Items from a dataset:
[Start of section]

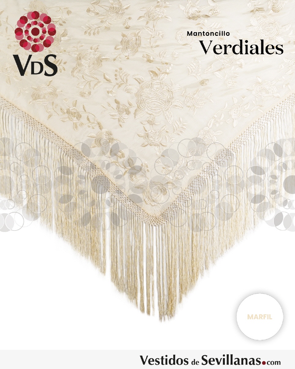 Mantoncillo / Pico VERDIALES bordado en color Beige/Marfil, flores y flecos en Beige.
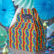 Cette oeuvre présente un motif arc-en-ciel coloré avec des poings levés.
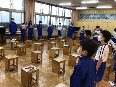 みんなそろって声合わせです。お互いの音を聞き合いながら…をめあてに練習は続きます。
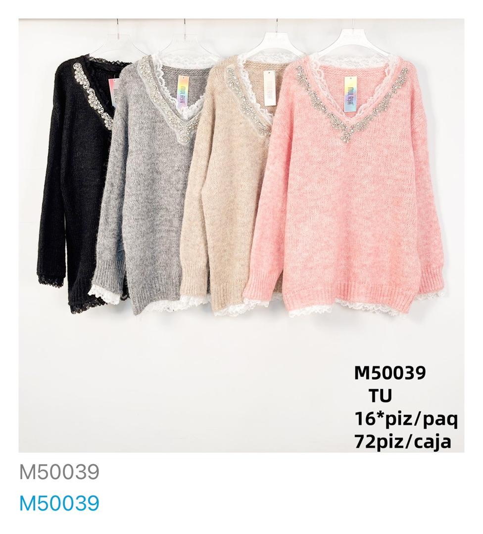 Suéter V con Encaje y Pedrería-M50039
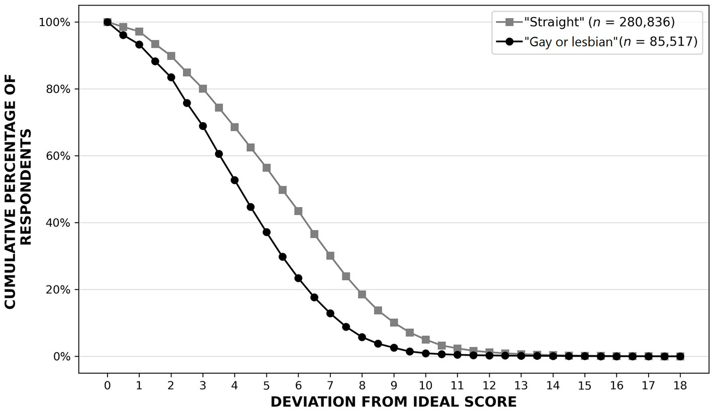 The mismatch between SO labels and MSO scores can be represented by deviation curves as shown in Figure 5. These curves show the cumulative percentages of people self-labeled gay/lesbian and straight who deviated from their expected MSO scores (0 for self-labeled straights, 18 for self-labeled gays/lesbians) by a range of distances on the SO continuum. The deviation patterns for self-labeled gays/lesbians and straights were similar, but deviation levels were higher for self-labeled straights. Overall, about 60% of our participants deviated from their expected MSO scores by four points or more on the 19-point continuum, about 22% by seven points or more, and about 6% by nine points or more.
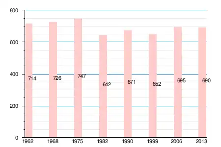 Население коммуны в 2011 году составляло 696 человек[6], в 2012 году — 693 человека[7], а в 2013-м — 690 человек[5].
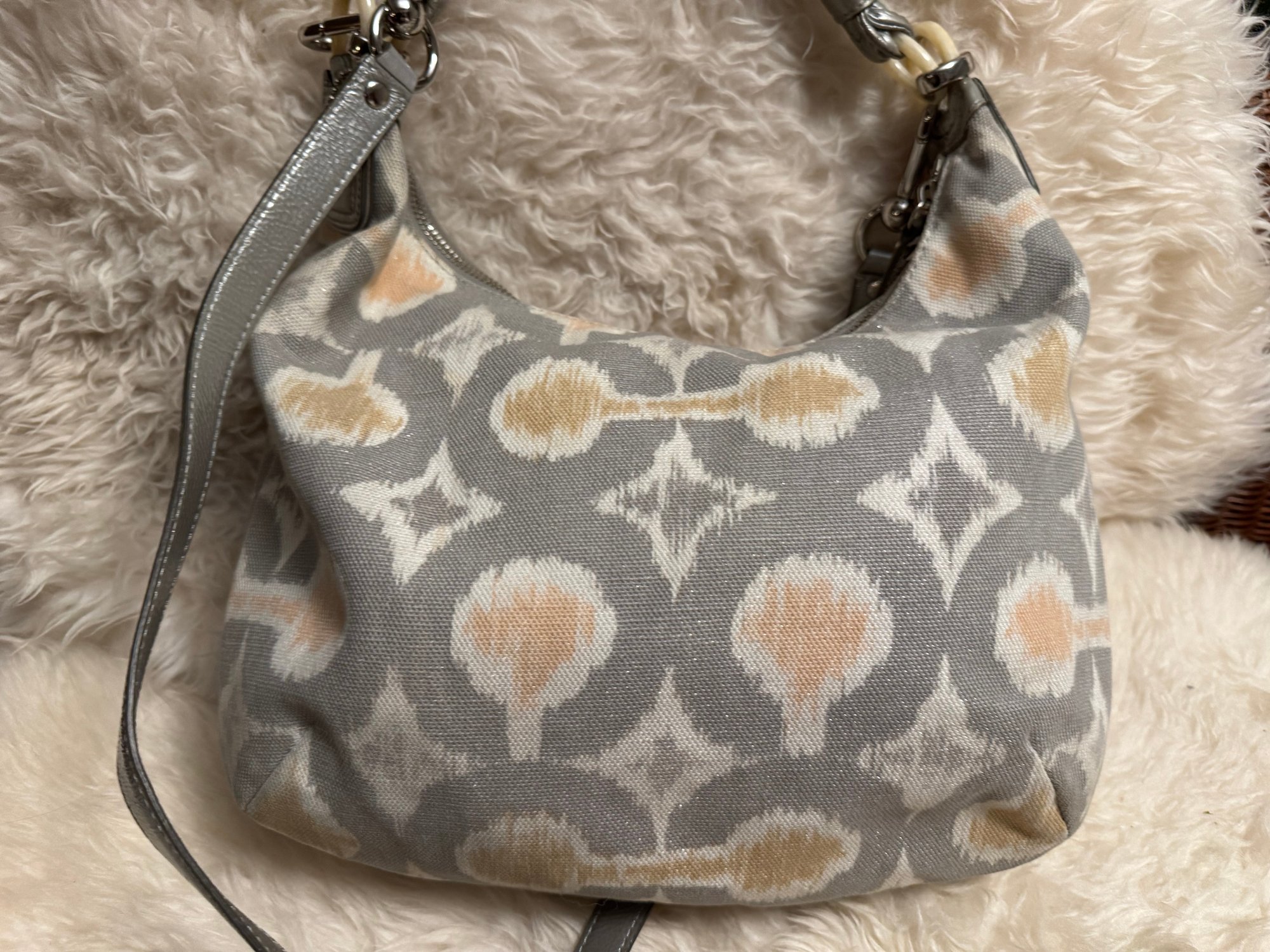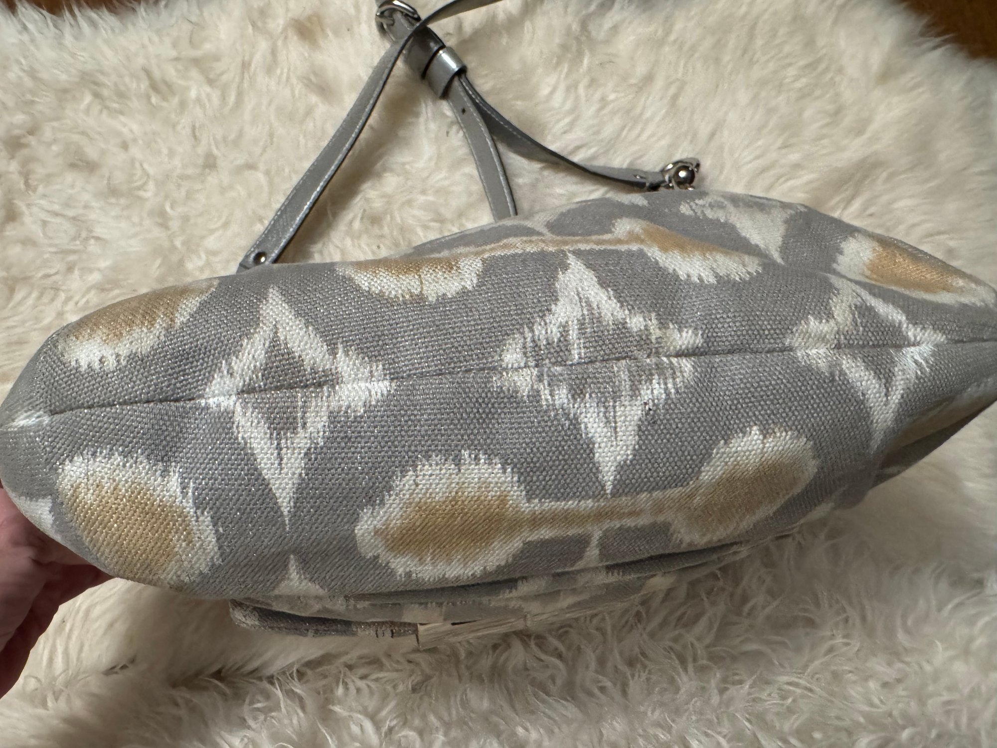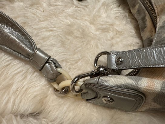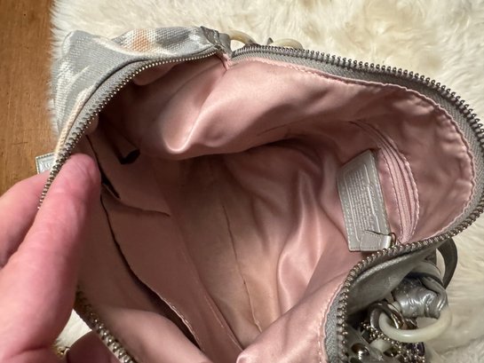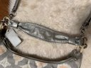 We fell in love with this bag as it is in such nice condition complete with hang tag and just the right silver shimmer. It came without a dust bag, does have a hang tag and appears authentic but we encourage looking at photos etc. See pix for sizing and how you will style the look!

[End of section]

- _Work to be completed_: Give back all the data exactly, minus pictures.

- _Exercise solution_:
 Mantoncillo / Pico VERDIALES bordado en color Beige/Marfil, flores y flecos en Beige.
 Cette oeuvre présente un motif arc-en-ciel coloré avec des poings levés.
 みんなそろって声合わせです。お互いの音を聞き合いながら…をめあてに練習は続きます。
 Suéter V con Encaje y Pedrería-M50039
 The mismatch between SO labels and MSO scores can be represented by deviation curves as shown in Figure 5. These curves show the cumulative percentages of people self-labeled gay/lesbian and straight who deviated from their expected MSO scores (0 for self-labeled straights, 18 for self-labeled gays/lesbians) by a range of distances on the SO continuum. The deviation patterns for self-labeled gays/lesbians and straights were similar, but deviation levels were higher for self-labeled straights. Overall, about 60% of our participants deviated from their expected MSO scores by four points or more on the 19-point continuum, about 22% by seven points or more, and about 6% by nine points or more.
 Население коммуны в 2011 году составляло 696 человек[6], в 2012 году — 693 человека[7], а в 2013-м — 690 человек[5].
 We fell in love with this bag as it is in such nice condition complete with hang tag and just the right silver shimmer. It came without a dust bag, does have a hang tag and appears authentic but we encourage looking at photos etc. See pix for sizing and how you will style the look!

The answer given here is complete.